Beim Scrollen in der Kommentarspalte stach unter den sexistischen Aussagen eine besonders heraus. Ein User mit dem Namen „ml22.bike“ schrieb: „Leider gibt es viel zu viele (Frauen), die genau das provozieren und damit kokettieren. Und das wird sich nie ändern, das Netz ist voll davon.“ Mit „das“ ist wohlmöglich die Sexualisierung durch Männer gemeint. Um diese Ansicht zu unterstreichen, folgt ein grimmiges Unamused-Face-Emoji. Wer hinter „ml22.bike“ steckt, ist im selben Kommentar zu lesen: „Martin L., Leiter einer Kriminaldienststelle, die Sexualdelikte bearbeitet.“

L., und das lässt sich sehr einfach über sein Profil herausfinden, ist selbst sportbegeistert und Hobbyradler. Tatsächlich arbeitet er als Führungskraft bei der Polizei in Aalen. Laut Angaben in seinem LinkedIn-Profil lehrt er zudem an der Deutschen Hochschule der Polizei und ist unter anderem Experte für IT-Forensic – während er selbst reichliche Spuren beim Kommentieren im Netz hinterlässt. Sein Motto auf LinkedIn lautet: „Es gibt keine Probleme – nur ungelöste Aufgaben.“

Nachfrage bei seinem Dienstherren, der Polizei Aalen: Ein Sprecher informiert, dass man aus Gründen des Persönlichkeitsschutzes personenbezogene Daten weder nennen noch auf Anfrage bestätigen könne. Indirekt wird aber klar, dass L. dort wirklich arbeitet und die Aussagen unter dem Instagram-Post mutmaßlich getätigt hat. „Der gegenständliche Kommentar erfolgte nicht in dienstlicher Funktion, sondern privat“, informiert der Sprecher weiter schriftlich.
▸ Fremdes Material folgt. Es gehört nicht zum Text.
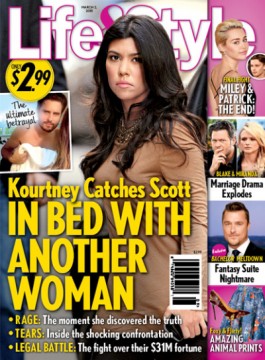 Allow us to answer the question posed in the above headline right up front: NO. Kourtney Kardashian did not catch Scott Disick in bed with another woman, no matter what the latest issue of Life & Style is trying to tell gullible readers this week. According to this unreliable supermarket tabloid, Scott has gone through with the “ultimate betrayal,” just weeks after his baby mama gave birth to the couple’s third child, Reign Aston Disick . The reality stars will now “fight over” a $31 million fortune, while many TEARS were shed over a “shocking confession” and RAGE has built up inside Kourtney after she “discovered the truth.” Rumors of a Disick-Kardashian split have been running rampant for months now, especially since the public learned that Disick is sleeping with Kendall Jenner . Wait? He’s not?!? Darn you, supermarket tabloids! It is true, however, that Scott Disick drinks. A LOT. He’s been known to destroy a hotel room or two in Colorado and his partying ways really have caused problems for Kourtney and the kids. Just watch Keeping Up with the Kardashians online to see what we mean and check out the following promo for new episodes of this E! smash hit: Keeping Up with the Kardashians Season 10 Promo Will Scott and Kourtney ever actually split? Maybe. Will she ever truly find her lover in bed with another woman? It wouldn’t shock us. It just hasn’t happened yet. 13 Photos of Kourtney Kardashian and Scott Disick That Make Us Wonder If They’re in Love 1. This Ain’t Good View Photo Scott says it all with his reaction to Kourtney’s third pregnancy. 2. Scott Disick and Kourtney Kardashian Picture View Photo Scott Disick and Kourtney Kardashian look totally thrilled to be together in this photo, don’t they? Is the couple ever happy? 3. Scott and Kourtney Pic View Photo Scott Disick and Kourtney Kardashian navigate their way around Los Angeles in this photograph. 4. Kourtney Disses Scott! View Photo Scott Disick tried to propose, according to this tabloid cover. But he was dissed by Kourtney Kardashian! Advertisement A message from our sponsor. 5. Scott Disick and Kourtney Kardashian on Halloween View Photo Scott Disick dresses here as Robin and Kourtney Kardashian also gets into the Halloween spirit. Like their outfits? 6. Kourtney Kardashian and Scott Disick Pic View Photo We can’t make fun of Kourtney Kardashian and Scott Disick for this fact: they are parents of a baby girl! She was born on 7/8/12. 7. Kourtney Kardashian, Scott Disick and Mason View Photo Kourtney Kardashian, Scott Disick and Mason go for a walk. How cute! 8. Kourtney, Scott, Mason View Photo We admit it: Kourtney Kardashian and Scott Disick made a cute kid together. But the actual couple still makes us sick. Advertisement A message from our sponsor. 9. Kourt and Scott Picture View Photo Kourtney Kardashian and Scott Disick have been relatively quiet for awhile now. No drama equals good news! 10. Fighting Over Mason! View Photo Oh, no! Kourtney Kardashian and Scott Disick are fighting over their child. Poor, poor Mason. 11. The Disicks View Photo Kourtney Kardashian and Scott Disick have created a very cute son named Mason. But the family would be a lot cuter if cameras didn’t follow them around everywhere. 12. Douche in NYC View Photo Ready for Scott Disick, reality show viewers? He and Kourtney Kardashian are moving there for their E! spin-off series in 2011. Advertisement A message from our sponsor. 13. What, Us Worry? View Photo Life is good for Kourtney Kardashian and Scott Disick in this picture. That’s because someone else is looking after their kid. The End. Did you like 13 Photos of Kourtney Kardashian and Scott Disick That Make Us Wonder If They’re in Love? If so, please share: Share on Facebook Tweet on Twitter Email a Friend Pin on Pinterest Want more? Get more content like this delivered to your inbox for FREE:
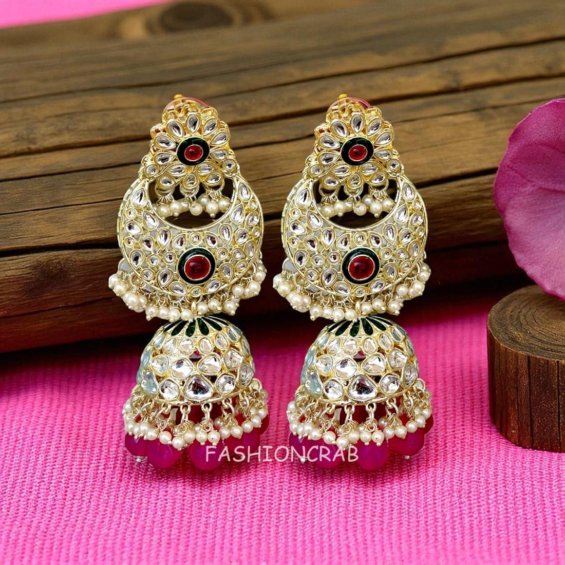 A pair of golden-toned Soundarya Kundan Jhumka Earrings – Pink Earrings for Girls with hanging pearls.
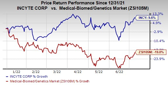 Incyte (NASDAQ:INCY) has had a good run so far this year. It is one of the few biotech stocks that has outperformed the industry in this time frame.
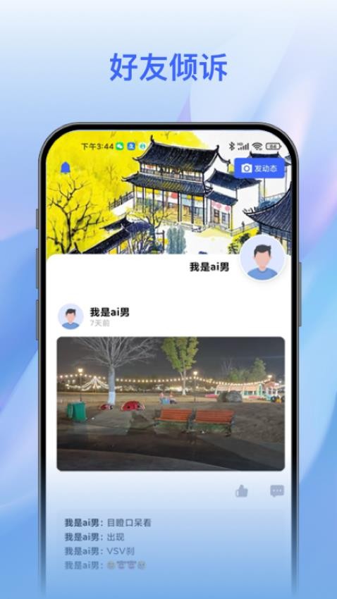 在朋友圈可以看到好友倾诉的动态,你可以在下方评论,倾听好友烦恼,为对方排忧解难。
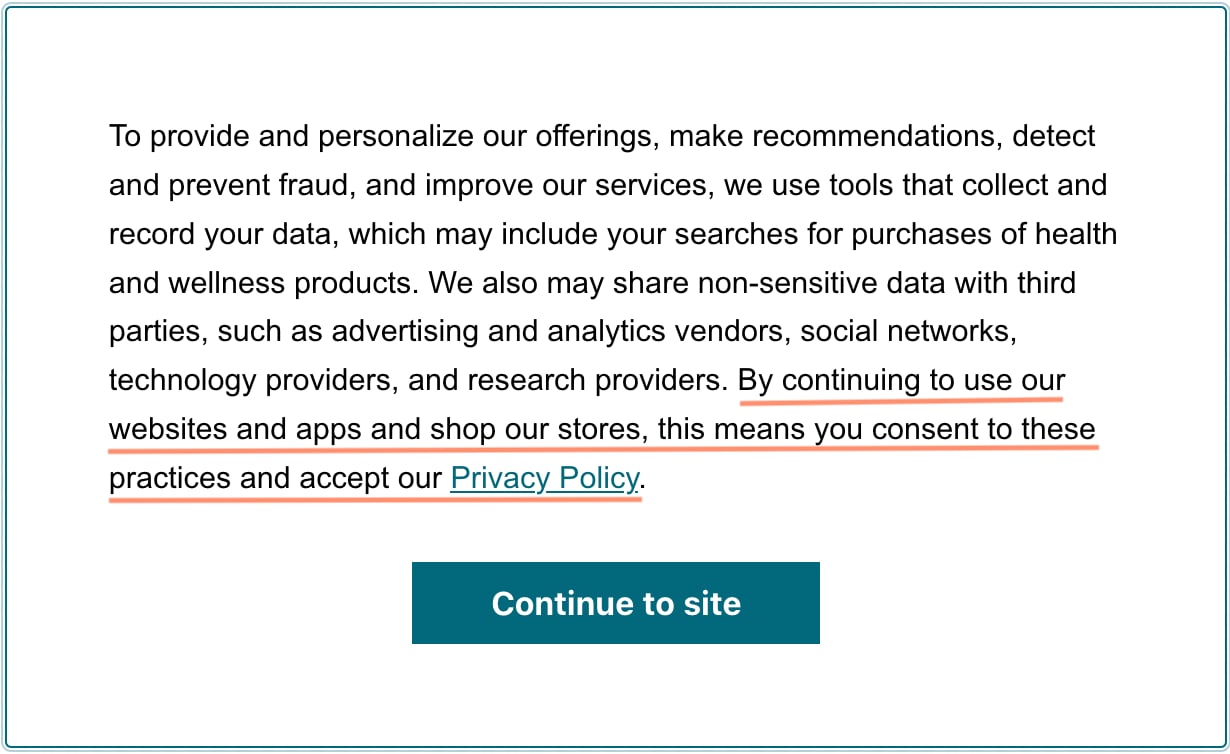 - Explicitly state in the first layer of the consent notice that navigation to the site means that the end-user accepts your organization's conditions
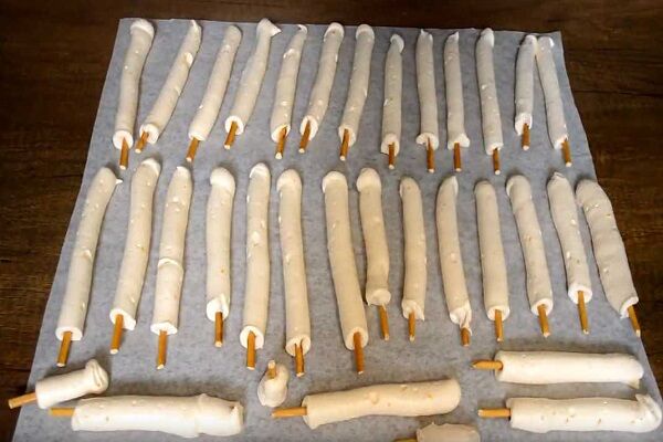 7. Немного надавливая на пакет, достаем палочку вместе с порцией зефира. Раскладываем их на поверхности, выстеленной пергаментом.
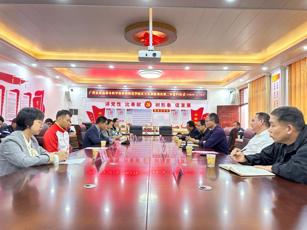 为推动爱体育(中国)“双高”建设,切实做好校外实训基地建设,提升实习实训水平,培养高质量体育人才,1月16日体育师范学院一行赴合浦第二中学签署实习实训基地共建协议,同时进行基地揭牌仪式。第16届广州亚运会男子100米和男子4X100米接力冠军、广西田径运动发展中心教练(合浦县第二中学杰出校友)劳义, 合浦县教育局副局长张祥,合浦县第二中爱体育(中国)长裴昌宇等校领导班子,学院院长苏祝捷,副院长祁丽,小学教育专业负责人杜欢,副教授陈菲菲及该校全体体育组教师共50人参加签约仪式。仪式由合浦县第二中学书记江源坤主持。

Polizei prüft „beamtenrechtliche Maßnahmen“

Die Aussagen seien nun Gegenstand von eingeleiteten Maßnahmen gegen den leitenden Polizisten. Der hat inzwischen seinen Kommentar gelöscht, damit sind auch mehrere kritische Antworten von empörten Use­r*in­nen weg. Alles ist aber auf Screenshots dokumentiert – das Netz vergisst nie. Einige Nut­ze­r*in­nen hatten darauf hingewiesen, dass Betroffene von sexualisierter Gewalt bei der Polizei selten Hilfe bekommen, oft nicht ernst genommen oder sogar retraumatisiert oder von Polizisten belästigt werden.

Die Polizei Aalen werde zeitnah eine Stellungnahme des Beamten einholen, um die Umstände des Kommentars zu ermitteln, heißt es vom Sprecher. Anschließend werde geprüft, ob und gegebenenfalls welche „beamtenrechtliche Maßnahmen erforderlich sind“. Auch disziplinarrechtliche Maßnahmen könnten zu diesem Zeitpunkt nicht ausgeschlossen werden.

Die Polizei Aalen beteuert, dass Vertrauen in ihre Arbeit Grundlage für ihre Akzeptanz und damit für die innere Sicherheit sei. Vor allem Betroffene von sexualisierter Gewalt könnten weiterhin auf die Arbeit der Polizei bauen und sollten sich weiterhin an sie wenden. Ob sich um entsprechende Fälle weiterhin Martin L. kümmern wird, bleibt erst mal offen. Sein Instagram-Account ist mittlerweile aber nicht mehr öffentlich zugänglich.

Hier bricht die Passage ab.